Nowadays the face detection is becoming common with some DVRs or NVRs system cameras. As the cameras resolutions and pixel density improve, many devices will come with face detection and many other IVS features. Standalone DVRs and NVRs will not have face recognition built-in to the core system, as this technology is still many generation away. However face detection can be a useful feature in certain situations. A well-positioned and well-angled camera in front of an entrance can capture people’s face and store them locally in a searchable database. This feature can be very handy if your security system is set to send alerts on your phone, hence when someone comes in the recorder with send a snapshot of his face to your phone.
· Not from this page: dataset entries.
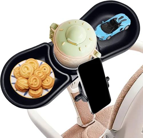 Bandeja de aperitivos 4 en 1: nuestra bandeja de aperitivos para cochecito combina una bandeja de alimentos, portavasos, soporte para teléfono y bandeja de juguetes en uno, proporcionando una solución integral para el bebé en movimiento. Es ideal para padres que buscan mejorar la practicidad y la comodidad de su cochecito Partición científica y rotación de 360°: la división clara de las áreas de alimentos y juguetes ayuda a los bebés a desarrollar buenos hábitos alimenticios de forma independiente. La bandeja es 1.6 in más profunda para evitar que los alimentos y los juguetes se vuelquen. La rotación de 360° te permite elegir entre áreas de alimentos y juguetes de acuerdo a tus necesidades. Material seguro y fácil de limpiar: nuestra bandeja de aperitivos para cochecito está hecha de material ABS, que no es tóxico e inofensivo. Es fácil de limpiar y no es fácil de dañar. Simplemente límpialo con una toallita húmeda o enjuágalo con agua limpia para que se vea como nuevo. El diseño antideslizante y antiderrames garantiza la seguridad de los artículos y proporciona una experiencia de uso segura para tu bebé. Fácil de instalar y resistente y fiable: simplemente conecta el clip a la barra transversal del cochecito y gíralo para completar la instalación. Adecuado para todo tipo de cochecitos, resistente y fiable. Ampliamente compatible: adecuado para la mayoría de cochecitos con reposabrazos, compatible con Nuna, Uppababy, Bugaboo, Bob, Baby Jogger y otras marcas de cochecitos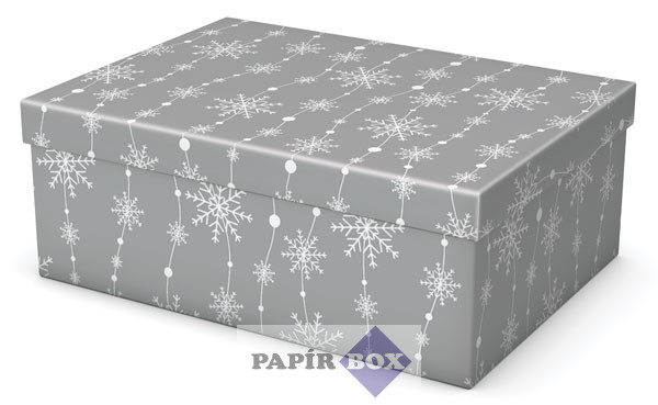 Díszdoboz, T4, Karácsonyi, ezüst, csillagokkal, 32x23x12 cm
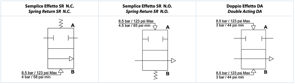 - Simple effet N.O. : min. 4,5 bar (65 psi) ; max. 8,5 bar (123 psi).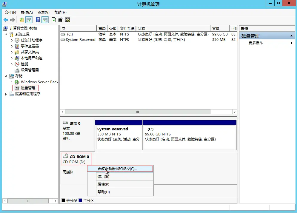 選擇左側磁盤管理,點擊 CD-ROM 鼠標右鍵,選擇更改驅動號和路徑。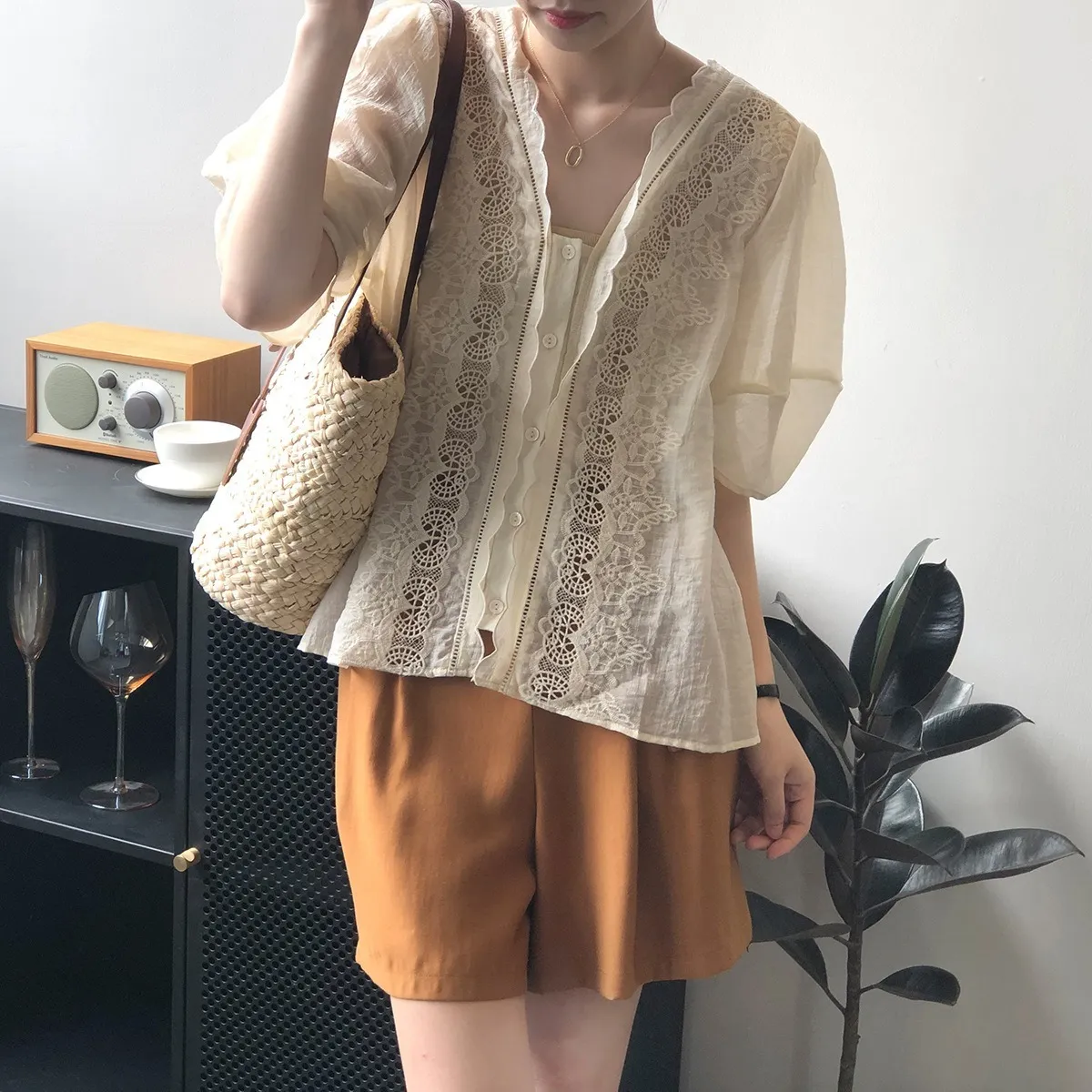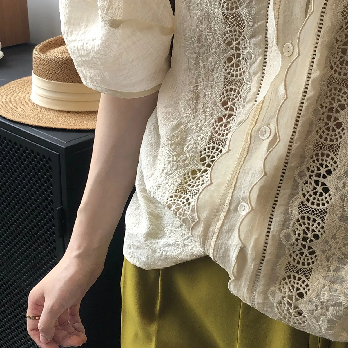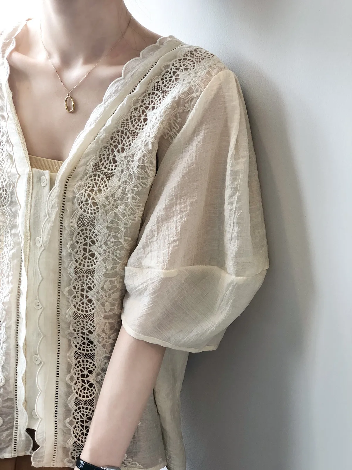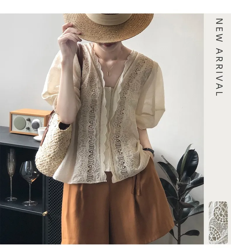 v領泡泡袖襯衫 甜美蕾絲 刺繡鏤空 娃娃衫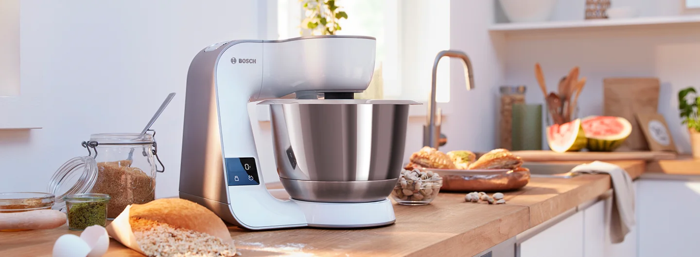 Čaka vas sproščena peka! Funkcija EasyArm Lift vam omogoča, da z mešalno roko enostavno upravljate že s pritiskom gumba, pripomočke za mešanje pa ustavite na zadnji strani posode, tako da lahko sestavine preprosto dodajate s sprednje strani.

Some face recognition algorithms identify facial features by extracting landmarks, or features, from an image of the subject’s face. For example, an algorithm may analyze the relative position, size, and/or shape of the eyes, nose, cheekbones, and jaw. These features are then used to search for other images with matching features. Other algorithms normalize a gallery of face images and then compress the face data, only saving the data in the image that is useful for face recognition. A probe image is then compared with the face data. Recognition algorithms can be divided into two main approaches, geometric, which looks at distinguishing features, or photometric, which is a statistical approach that distills an image into values and compares the values with templates to eliminate variances.
Popular recognition algorithms include principal component analysis using eigenfaces, linear discriminant analysis, elastic bunch graph matching using the Fisherface algorithm, the hidden Markov model, the multilinear subspace learning using tensor representation, and the neuronal motivated dynamic link matching.
A newly emerging trend, claimed to achieve improved accuracy, is three-dimensional face recognition. This technique uses 3D sensors to capture information about the shape of a face. This information is then used to identify distinctive features on the surface of a face, such as the contour of the eye sockets, nose, and chin. One advantage of 3D face recognition is that it is not affected by changes in lighting like other techniques. It can also identify a face from a range of viewing angles, including a profile view.